There is also an obvious tension within the elites, since for most — if not the overwhelming majority of — businesspeople and civil servants the war is associated with clear losses and costs (confirmation of this can be found in the
recent comments of Alexandra Prokopenko). Recent criminal cases against federal ministers (Alexei Ulyukaev and Mikhail Abyzov), regional governors (Nikita Belykh, Vyacheslav Geiser, etc.), billionaires (Gleb Fetisov, the Magomedov brothers, etc.), and dozens of mayors of major cities, as well as a series of
sudden deaths of top managers of state-owned companies in 2022, have created an atmosphere of fear among officials and major businessmen.
But at the same time, many of them clearly understand that there is an absolute dead end ahead for the country. Over the past year, there has been a serious narrowing of Putin's social base among the elites, making the internal political situation unstable — for all the stability the regime has demonstrated externally.

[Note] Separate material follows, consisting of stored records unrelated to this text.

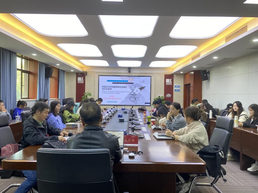 2023年11月27日下午,广东外语外贸大学赵军峰教授在中和楼613为澳门pg官方电子平台师生带来了一场题为“我国立法语言翻译规范化建设现状与思考”的精彩讲座。本次讲座由澳门pg官网余承法教授主持。
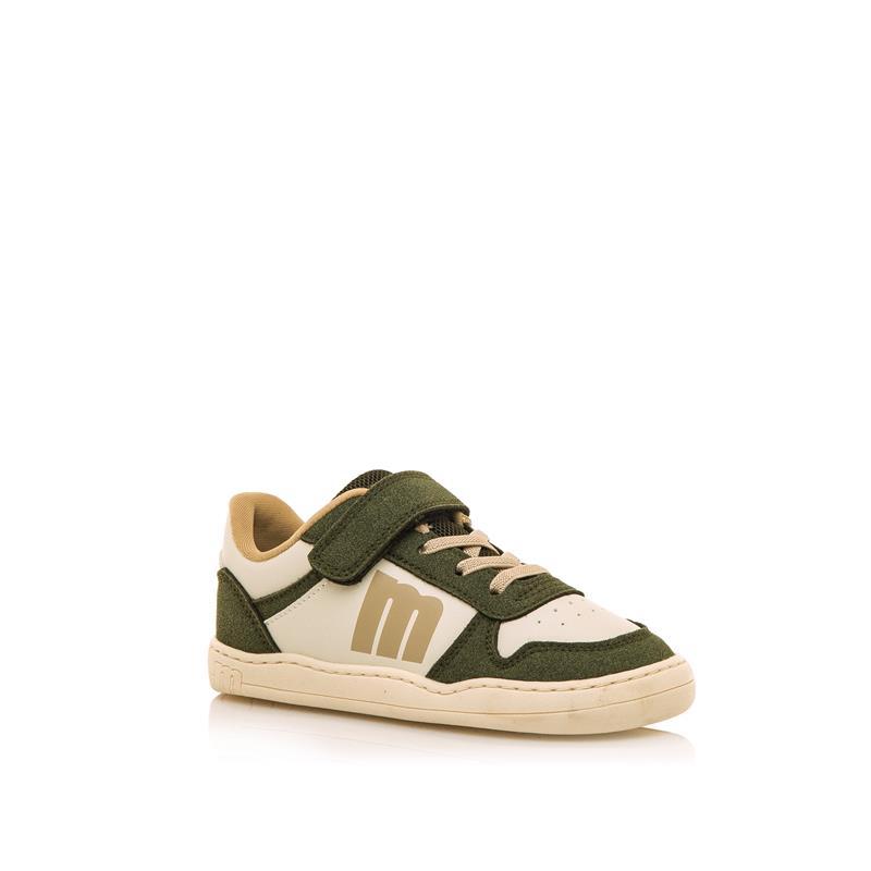 Sabata esportiva BAREFOOT de un velcro amb goma elàstica color kaki i blanc
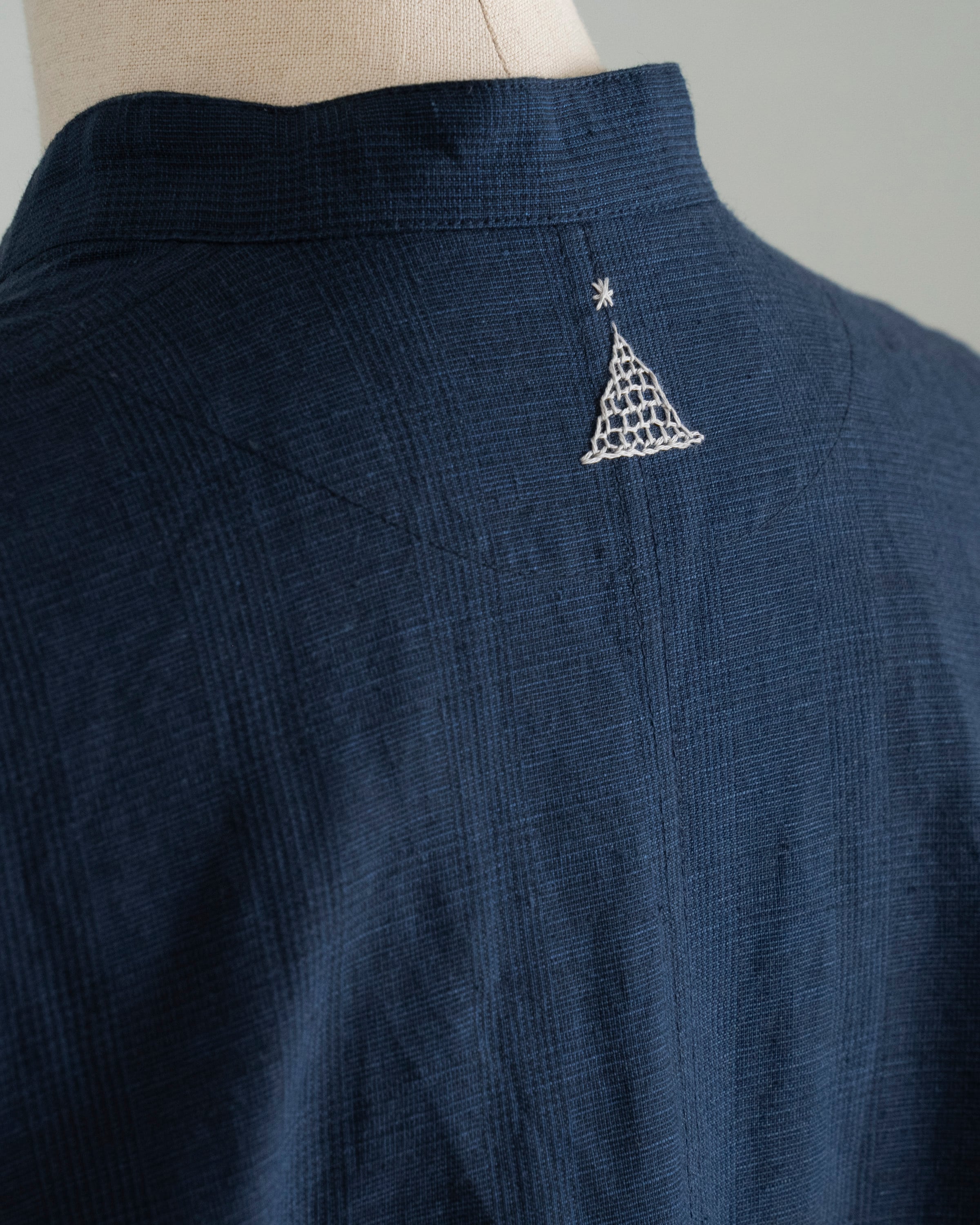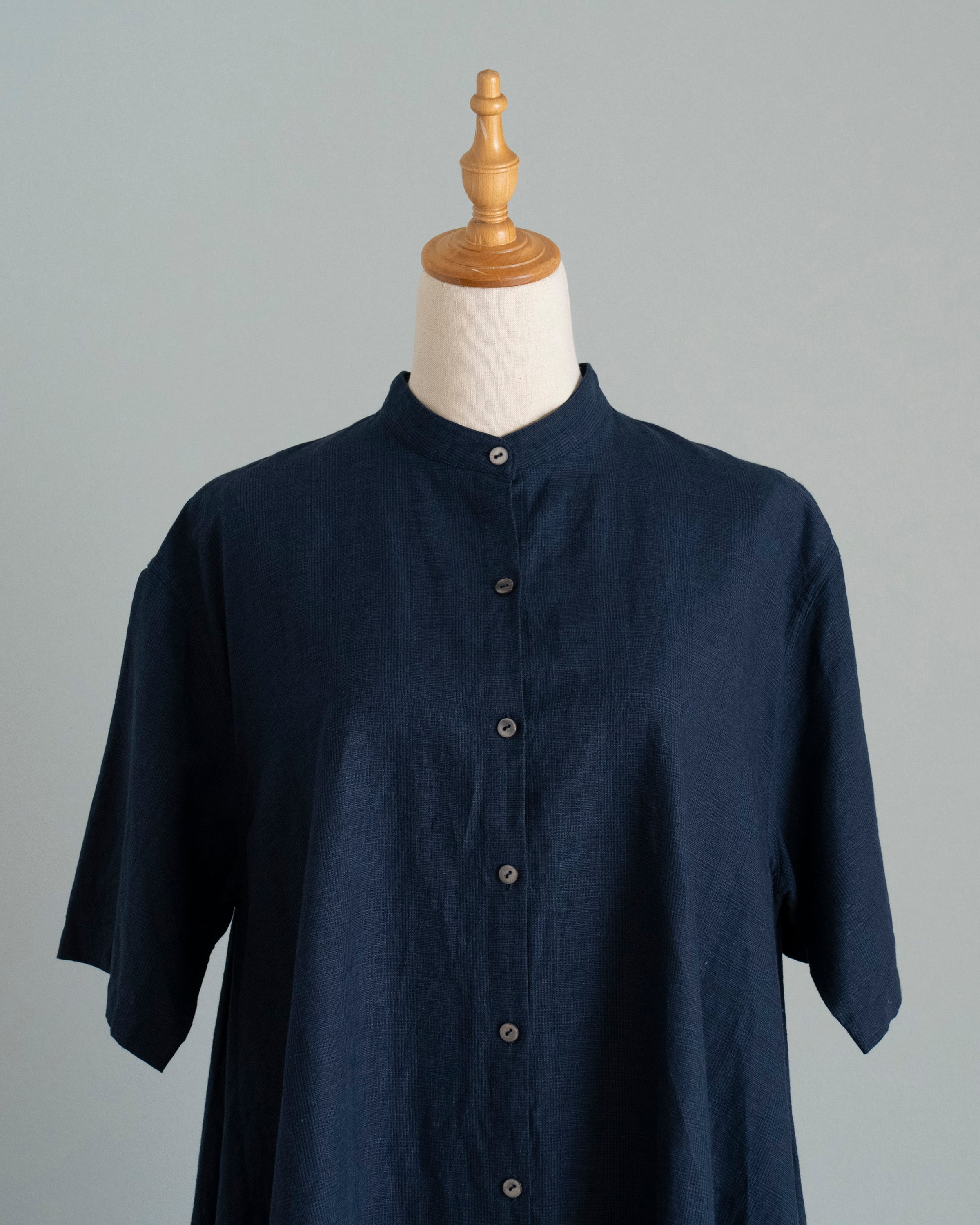 深いネイビーの織り柄が印象的な、スタンドカラーのシャツワンピース。
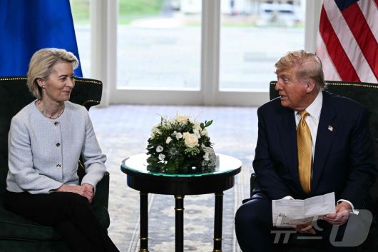 도널드 트럼프 미국 대통령(오른쪽)이 27일(현지시간) 영국 스코틀랜드 남서부 턴베리에서 우르줄라 폰데어라이엔 유럽연합(EU) 집행위원장과 회담 후 EU에 대한 상호관세와 자동차 관세를 15%로 낮추는 내용의 합의를 발표하고 있다. 2025.07.27 ⓒ AFP=뉴스1 ⓒ News1 류정민 특파원 |
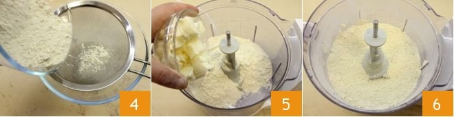 In der Zwischenzeit das Enkir-Mehl 4 sieben und in eine Küchenmaschine geben, zusammen mit der in Stücke geschnittenen kalten Butter 5 und einer Prise Salz. Die Küchenmaschine einschalten und alles gut vermengen, die Mischung sollte nicht zusammenhalten, sondern eine körnige Konsistenz haben, als wäre es Sand 6.
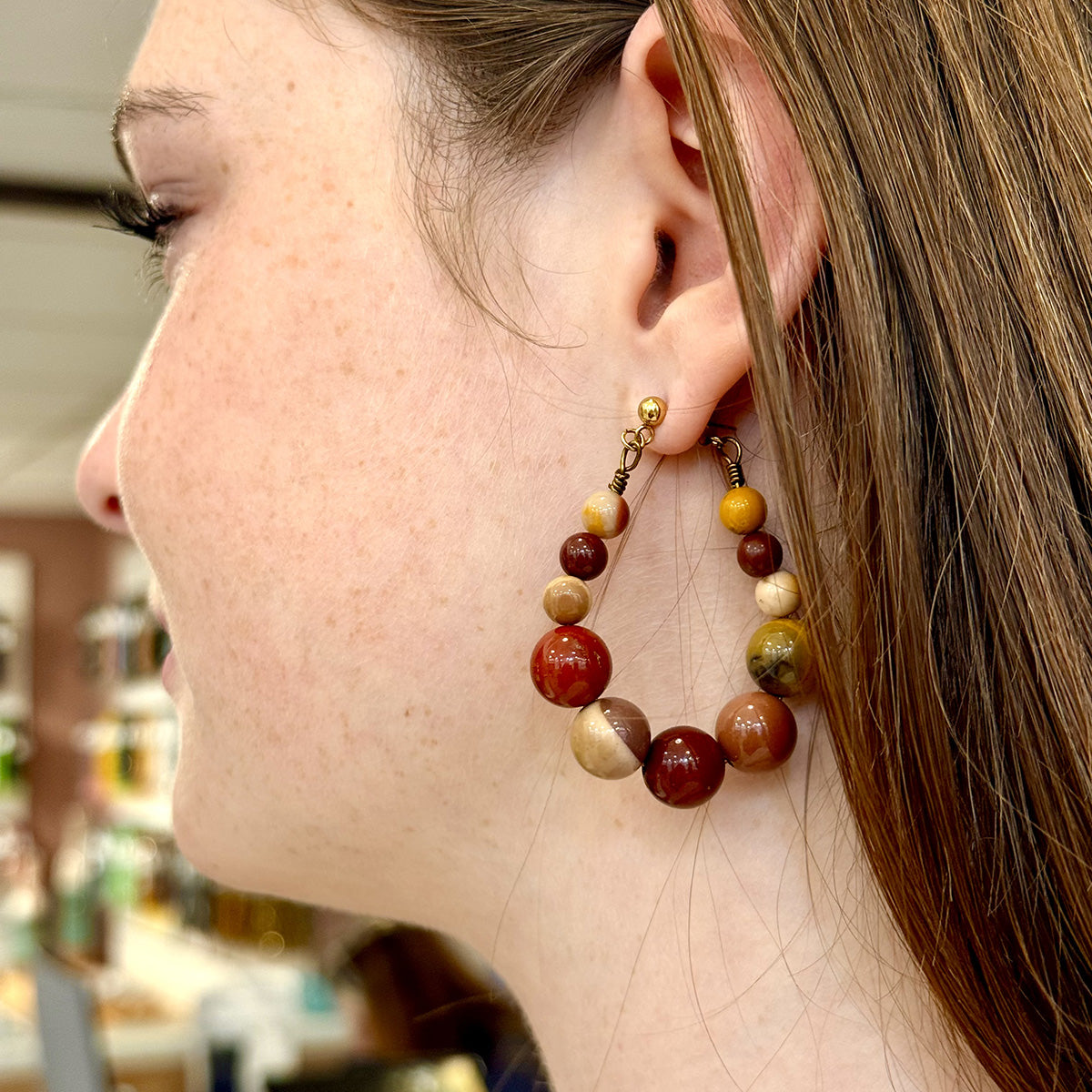 Laissez-vous séduire par l'éclat chaleureux de la Jaspe Mookaïte, une pierre aux teintes profondes d'ocre, de bordeaux, de jaune moutarde et de crème. Ces boucles d'oreilles en forme de goutte incarnent l'esprit de l'automne et le charme des couleurs naturelles.
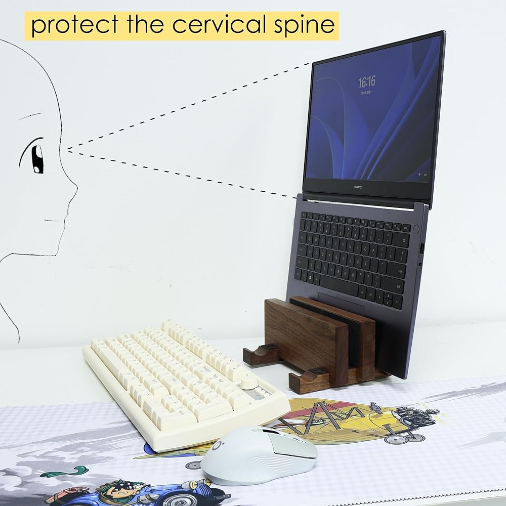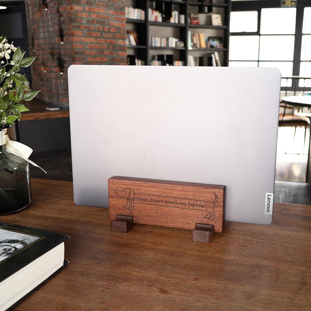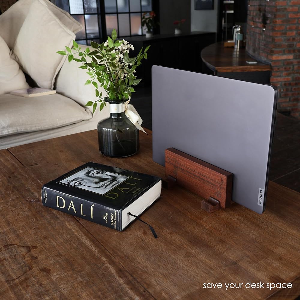 حامل كمبيوتر محمول عمودي للمكتب، حامل كمبيوتر محمول خشبي يمكن تغيير حجمه، مناسب لأجهزة الكمبيوتر المحمولة ذات السُمك والأحجام المختلفة. يمكنه استيعاب 3 أجهزة على الأقل

In the coming months, this situation will certainly be influenced by developments at the front. Nevertheless, there has as yet been no elite split because the only alternatives to the Putin regime that elites see are, on the one hand, the founder of the Wagner PMC,
Yevgeny Prigozhin, with his undisguised use of violence, and the further movement of the Russian Federation toward the Donetsk and Luhansk “people’s republics” model; and, on the other hand, Alexei Navalny and his supporters, whose rise to power would likely lead to extensive lustration in the state apparatus and the seizure of property from those entrepreneurs who can be considered “regime collaborators.”